*** Given data Section Begins ***

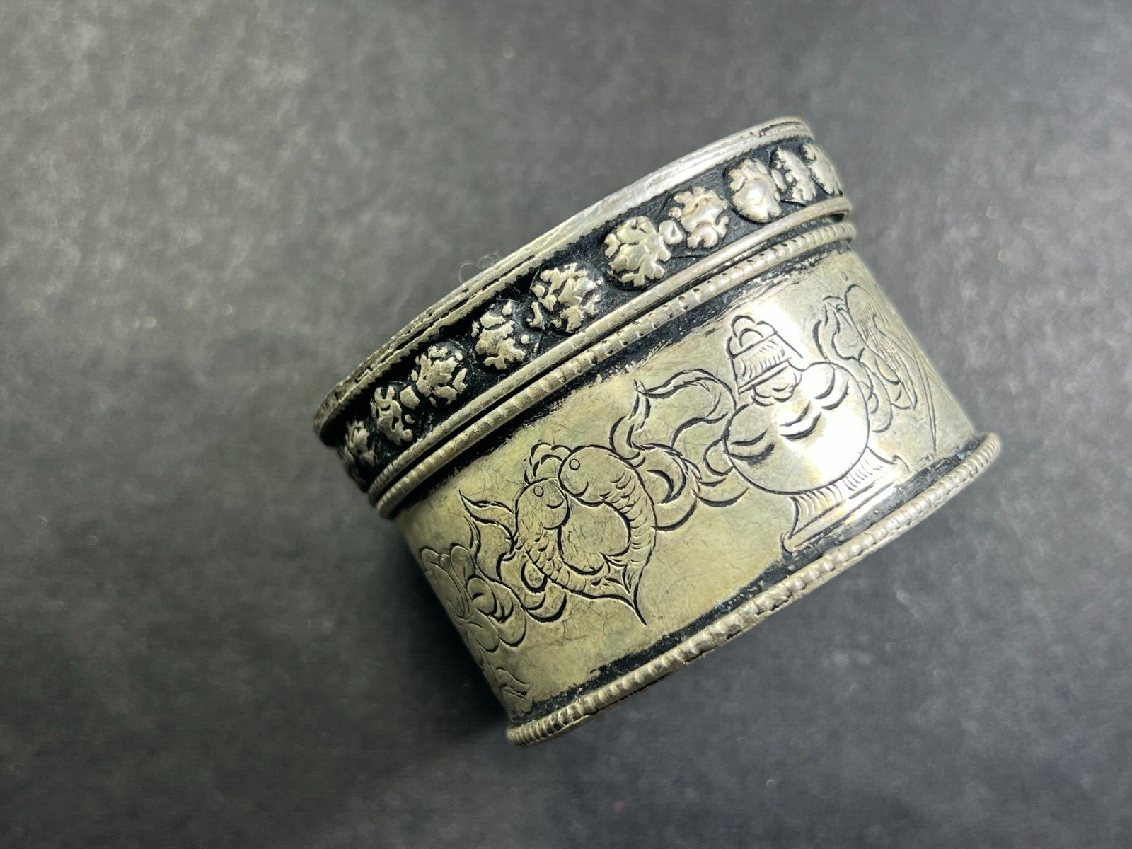 USPS/UPS No long wait Product SHIPPED FROM the USA Just 5 to 6 days delivery time at a competitive price. Love the item but not the price? Make me an offer. No reasonable offer refused. Handmade Ashtamangala Silver Plated Lucky Sign Trinket Jewelry Box - Tibetan Silver from Patan, Nepal No More in the Production Item Description: This beautifully crafted trinket box is a unique piece of art, meticulously handmade by skilled artisans from the historic city of Patan, Nepal. The box is adorned with Ashtamangala symbols, which are considered sacred and bring good fortune and prosperity according to Tibetan and Buddhist traditions. The box is made from Tibetan Silver (also known as German Silver or White Metal), a durable alloy known for its lustrous, bright finish and resistance to tarnishing. With its intricate craftsmanship and spiritual significance, this box makes an ideal keepsake or a thoughtful gift for someone special. What is Ashtamangala? Ashtamangala refers to the "Eight Auspicious Symbols" in Tibetan Buddhism, which represent various aspects of good fortune, spiritual development, and blessings. These symbols include the conch shell, lotus flower, wheel of Dharma, endless knot, treasure vase, pair of fish, victory banner, and the umbrella. Together, they signify harmony, prosperity, and well-being. Key Features: - Material: Tibetan Silver (also known as German Silver or White Metal) - Design: Ashtamangala symbols for good luck and prosperity - Craftsmanship: Handmade by artisans from Patan, Nepal - Size: - Height: 1.8 inches - Length: 3 inches - Width: 2.3 inches - Weight: Approx. 54 grams - Use: Perfect for storing small jewelry, trinkets, or as a decorative item in your home or office - Unique: A rare, culturally significant piece of craftsmanship from Nepal Condition: Brand New, Handmade Shipping & Handling: - Fast and secure shipping options available. - We take great care in packaging to ensure your item arrives safely. Why Buy From Us? - Authentic handmade products from Patan, Nepal. - High-quality craftsmanship using traditional techniques. - Perfect gift for collectors, those who appreciate cultural art, or anyone interested in spiritual symbolism. Add a touch of cultural heritage and good luck to your home with this stunning Ashtamangala Silver Plated Trinket Jewelry Box! (B66/GCA/Sec A) FOR WHOLESALE CONTACT US Buying handmade products comes with a range of benefits that can be quite compelling. Environmentally Friendly : Handmade items generally have a lower environmental impact compared to mass-produced goods. They often require fewer resources and less energy to create. Additionally, small-scale production usually involves less waste and fewer pollutants. Better for the Economy : Purchasing handmade products supports local artisans and small businesses. This not only helps create jobs but also keeps money within the community, which can contribute to a more robust local economy. Purchases You Can Feel Good About : Buying handmade can give you a sense of satisfaction knowing that your purchase supports individual creators and ethical practices. It often involves fair trade practices and contributes to sustainable economic development. You Will Feel the Human Touch : Handmade items often carry a unique personal touch that mass-produced items lack. The craftsmanship and attention to detail in handmade products reflect the skill and passion of the maker, making each piece distinct and special. Value Over Time : Handmade products, particularly those that are well-crafted, can appreciate in value over time. For example, antiques or heirloom-quality items often gain sentimental and monetary value as they age, making them potentially valuable investments. Overall, choosing handmade products can lead to a more thoughtful, sustainable, and rewarding shopping experience.
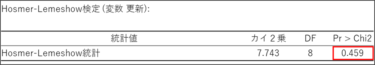 ホスマー・レメショウ検定(Hosmer-Lemeshow test)は、作成されたモデルの「当てはまりの良さ(適合度)」を評価するためのものです。この検定では、p値(Pr > Chi2)が非常に重要になります。
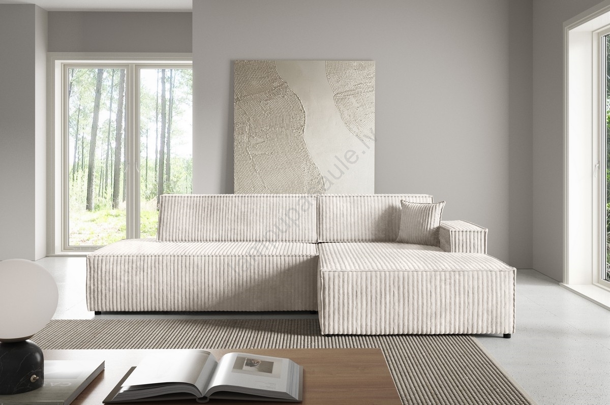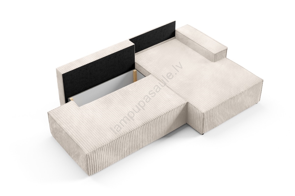 Izvelkams L formas stūra dīvāns ar uzglabāšanas nodalījumu TERAMO, labais, bēšs

*** Given data Section Ends ***

The problem
Write out every line above exactly as it is, leaving out the pictures.

Answer area
 USPS/UPS No long wait Product SHIPPED FROM the USA Just 5 to 6 days delivery time at a competitive price. Love the item but not the price? Make me an offer. No reasonable offer refused. Handmade Ashtamangala Silver Plated Lucky Sign Trinket Jewelry Box - Tibetan Silver from Patan, Nepal No More in the Production Item Description: This beautifully crafted trinket box is a unique piece of art, meticulously handmade by skilled artisans from the historic city of Patan, Nepal. The box is adorned with Ashtamangala symbols, which are considered sacred and bring good fortune and prosperity according to Tibetan and Buddhist traditions. The box is made from Tibetan Silver (also known as German Silver or White Metal), a durable alloy known for its lustrous, bright finish and resistance to tarnishing. With its intricate craftsmanship and spiritual significance, this box makes an ideal keepsake or a thoughtful gift for someone special. What is Ashtamangala? Ashtamangala refers to the "Eight Auspicious Symbols" in Tibetan Buddhism, which represent various aspects of good fortune, spiritual development, and blessings. These symbols include the conch shell, lotus flower, wheel of Dharma, endless knot, treasure vase, pair of fish, victory banner, and the umbrella. Together, they signify harmony, prosperity, and well-being. Key Features: - Material: Tibetan Silver (also known as German Silver or White Metal) - Design: Ashtamangala symbols for good luck and prosperity - Craftsmanship: Handmade by artisans from Patan, Nepal - Size: - Height: 1.8 inches - Length: 3 inches - Width: 2.3 inches - Weight: Approx. 54 grams - Use: Perfect for storing small jewelry, trinkets, or as a decorative item in your home or office - Unique: A rare, culturally significant piece of craftsmanship from Nepal Condition: Brand New, Handmade Shipping & Handling: - Fast and secure shipping options available. - We take great care in packaging to ensure your item arrives safely. Why Buy From Us? - Authentic handmade products from Patan, Nepal. - High-quality craftsmanship using traditional techniques. - Perfect gift for collectors, those who appreciate cultural art, or anyone interested in spiritual symbolism. Add a touch of cultural heritage and good luck to your home with this stunning Ashtamangala Silver Plated Trinket Jewelry Box! (B66/GCA/Sec A) FOR WHOLESALE CONTACT US Buying handmade products comes with a range of benefits that can be quite compelling. Environmentally Friendly : Handmade items generally have a lower environmental impact compared to mass-produced goods. They often require fewer resources and less energy to create. Additionally, small-scale production usually involves less waste and fewer pollutants. Better for the Economy : Purchasing handmade products supports local artisans and small businesses. This not only helps create jobs but also keeps money within the community, which can contribute to a more robust local economy. Purchases You Can Feel Good About : Buying handmade can give you a sense of satisfaction knowing that your purchase supports individual creators and ethical practices. It often involves fair trade practices and contributes to sustainable economic development. You Will Feel the Human Touch : Handmade items often carry a unique personal touch that mass-produced items lack. The craftsmanship and attention to detail in handmade products reflect the skill and passion of the maker, making each piece distinct and special. Value Over Time : Handmade products, particularly those that are well-crafted, can appreciate in value over time. For example, antiques or heirloom-quality items often gain sentimental and monetary value as they age, making them potentially valuable investments. Overall, choosing handmade products can lead to a more thoughtful, sustainable, and rewarding shopping experience.
 ホスマー・レメショウ検定(Hosmer-Lemeshow test)は、作成されたモデルの「当てはまりの良さ(適合度)」を評価するためのものです。この検定では、p値(Pr > Chi2)が非常に重要になります。
 Izvelkams L formas stūra dīvāns ar uzglabāšanas nodalījumu TERAMO, labais, bēšs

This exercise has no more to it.